AWS has GPS/atomic clocks in each datacenter that provide an accurate reference time. Recent linux distros use chrony instead of ntpd to synchronize with the reference time, which should introduce only microseconds of error between the reference time and the system clock.
Am I missing something? I am not an expert, I'm just not seeing where the 100s of ms of error is going to enter this system.
I spent some time looking at TimeSync and my primary takeaway was simply that while it was nice, there's no actual hard numbers on how accurate it really is. I suspect it is very accurate but proving this (to yourself) is going to be challenging if you want to rely on global clocks to avoid consensus without details or insight. You are essentially making a huge bet on performance considerations by trading consensus for clocks, at the expense of a far, far higher bar for correctness.
It seems very likely based on when it was rolled out that it underpins AWS tech like DynamoDB Global Tables -- so it almost certainly powers critical infrastructure. But there's no SLA or reports on what the tolerances you can expect without doing a lot of work on your own. It's more of a nice bonus rather than a "product" they offer you, in that sense, so being wary maybe isn't unwarranted.
IIRC from the original Spanner/TT paper, they had a general error window of ~10ms from the TT daemons, and I would be extremely surprised if Google hasn't pushed that even lower, now, so your job is much more cut out for you than 100s of ms of error. And yes the clocks are in the same DC at a very precise window, but bugs happen through-out the stack, your hypervisor bugs out, systems get misconfigured, whatever, your process will fuzz out, especially as you begin to tighten things. You don't have the QA/testing of Spanner or DynamoDB, basically.
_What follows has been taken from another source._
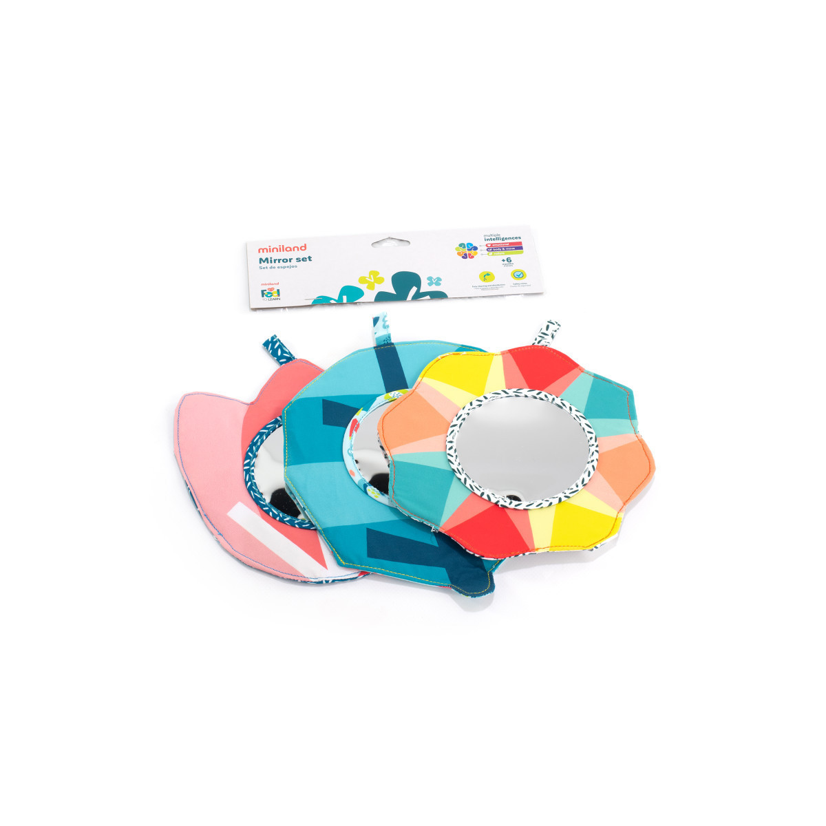 A game composed of three soft safety mirrors in different natural shapes. With high-contrast color designs that stimulate the sense of sight, and thanks to their crinkly paper inside, they stimulate the senses of hearing and touch. Great for active play.
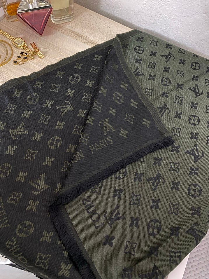 Siyah-haki renkte, Louıs vuıtton tasarıma sahip kadın şalı. Yumuşak sentetik kumaştan üretilmiş, bohem ve retro tarzlara uygun. Kumaş tok bir görünüşe sahiptir.

None of this is insurmountable, I think, though. It's just not easy any way you cut it. Even a few people doing the work to test and experiment with this would be very valuable. (It would be even better if AWS would make it a real product with real SLAs/numbers to back it up.) It's just a lot of work no matter what.
The fact that it is limited to AWS (for now) is a bit of a shame. I do hope other cloud providers start thinking about providing precise clocks in their datacenters, as well as accompanying software to go with it.
> Recent linux distros use chrony instead of ntpd to synchronize with the reference time, which should introduce only microseconds of error between the reference time and the system clock.
To be fair not everyone uses chrony; a lot of systems still use just ntpd or timesyncd (I spent a lot of time working on fixing time-sync related issues in our Linux distro lately across all our supported daemons, so I can at least say Chrony is a very wonderful choice, accurate, and so very easy to use! I actually found out about it when looking up TimeSync)
If you need strongly consistent data, you must write to a global table in only one region, and then clocks don't matter because replication does not create conflicts.
If you can survive lost writes, clock skew just makes a zone win more or less often. Even if the clocks were in perfect sync, you still wouldn't observe causality across regions (changes to different items can replicate out of order).
Am I missing something? I am not an expert, I'm just not seeing where the 100s of ms of error is going to enter this system.
(edit: thanks for the great explanation aesipp!)